What’s the matter with Kansas?

You might recall the 2004 book by journalist Thomas Frank. It made waves for exploring why voters in the heartland were rejecting liberal policies ostensibly beneficial to them and their families — and increasingly voting Republican for local, state, and especially federal office. Over time, GOP victories in states like Kansas became, with occasional exceptions, a sure thing, leaving Democrats to scratch their heads and wonder what they were doing wrong.

But 18 years later, it might be Republicans asking that titular question.

On Tuesday, voters in this culturally conservative red state, which chose then-President Donald Trump over now-President Joe Biden 56.2% to 41.5% in 2020, rejected a ballot initiative to remove abortion rights protections from the state constitution. It wasn’t even close, with votes against Constitutional Amendment 2 defeating those in favor 59% to 41%. This, on a primary election day, in an election cycle in which Republicans are riding a growing electoral wave and whose base is more enthusiastic about showing up and pulling the lever than are grassroots Democrats.

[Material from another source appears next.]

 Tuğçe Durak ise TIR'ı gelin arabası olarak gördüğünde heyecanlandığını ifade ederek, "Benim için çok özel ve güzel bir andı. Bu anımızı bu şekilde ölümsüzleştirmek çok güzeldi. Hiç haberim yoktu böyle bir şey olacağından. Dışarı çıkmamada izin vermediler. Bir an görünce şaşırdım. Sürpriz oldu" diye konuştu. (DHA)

“This is a [expletive] earthquake,” a Republican operative with Kansas ties told me, requesting anonymity to speak candidly. “This was put on [the] primary ballot to ensure victory.” This Republican insider worries that the battle over abortion has awakened apathetic Democratic voters poised to sit on their hands this fall because they are disappointed with Biden’s and their party’s leadership on Capitol Hill.

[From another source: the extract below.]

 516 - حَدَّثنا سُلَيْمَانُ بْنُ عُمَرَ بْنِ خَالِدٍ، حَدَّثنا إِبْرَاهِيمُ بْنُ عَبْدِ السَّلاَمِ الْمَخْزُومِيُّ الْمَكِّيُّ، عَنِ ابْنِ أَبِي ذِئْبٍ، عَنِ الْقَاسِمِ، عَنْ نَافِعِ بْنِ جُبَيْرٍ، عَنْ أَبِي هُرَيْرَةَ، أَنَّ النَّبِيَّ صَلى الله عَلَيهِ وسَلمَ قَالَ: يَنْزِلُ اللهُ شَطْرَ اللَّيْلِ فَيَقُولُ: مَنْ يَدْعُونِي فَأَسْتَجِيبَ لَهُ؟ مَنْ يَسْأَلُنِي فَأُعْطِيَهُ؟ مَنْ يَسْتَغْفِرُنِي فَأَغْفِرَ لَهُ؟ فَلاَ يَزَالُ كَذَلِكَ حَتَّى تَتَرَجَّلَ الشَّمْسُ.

“The size of the defeat is what’s shocking here,” this operative continued, fretting that the outcome suggests Amanda Adkins, the Republican challenging Rep. Sharice Davids (D) in the newly configured 3rd Congressional District, a suburban Kansas City swing seat, could face a much tougher race than initially anticipated. “She could be [a] casualty of this,” this individual said. “I wouldn’t put [a] dime on her race right now.”


Democrats heralded the results as fresh evidence that a Republican takeover of Congress on Nov. 8 is far from guaranteed despite the thin five-seat majority they are defending in the House and Senate control that rests on 50 seats and Vice President Kamala Harris’s tiebreaking vote. Why were they so heartened by the results, other than the win? Helen Kalla, a spokeswoman for the Democratic Congressional Campaign Committee, highlighted the following statistics:

  • Of the 19 counties that voted no on the abortion amendment, Biden won five. Trump won the other 14. 
  • Nearly 7 in 10 voters in the 3rd District opposed the Republicans’ push to “rip away a woman’s right to abortion.”
  • In a state Trump won by 15 percentage points, nearly 6 in 10 voters “sent Republicans a clear message: The American people reject your attack on women’s freedom.”

Democrats also feel warm and fuzzy about this stat:

Biden won just five Kansas counties in 2020. But Tuesday, Amendment 2 fell in 19 counties while outperforming the president’s 41.5% from 2020 by 17.5 points. This happened partly because voter registration among women increased in the aftermath of the Supreme Court’s June 27 ruling in Dobbs v. Jackson Women’s Health Organization that overturned Roe v. Wade. But it also was a function of turnout. Voters motivated by the loss of federal protections for abortion rights showed up when they otherwise might not have.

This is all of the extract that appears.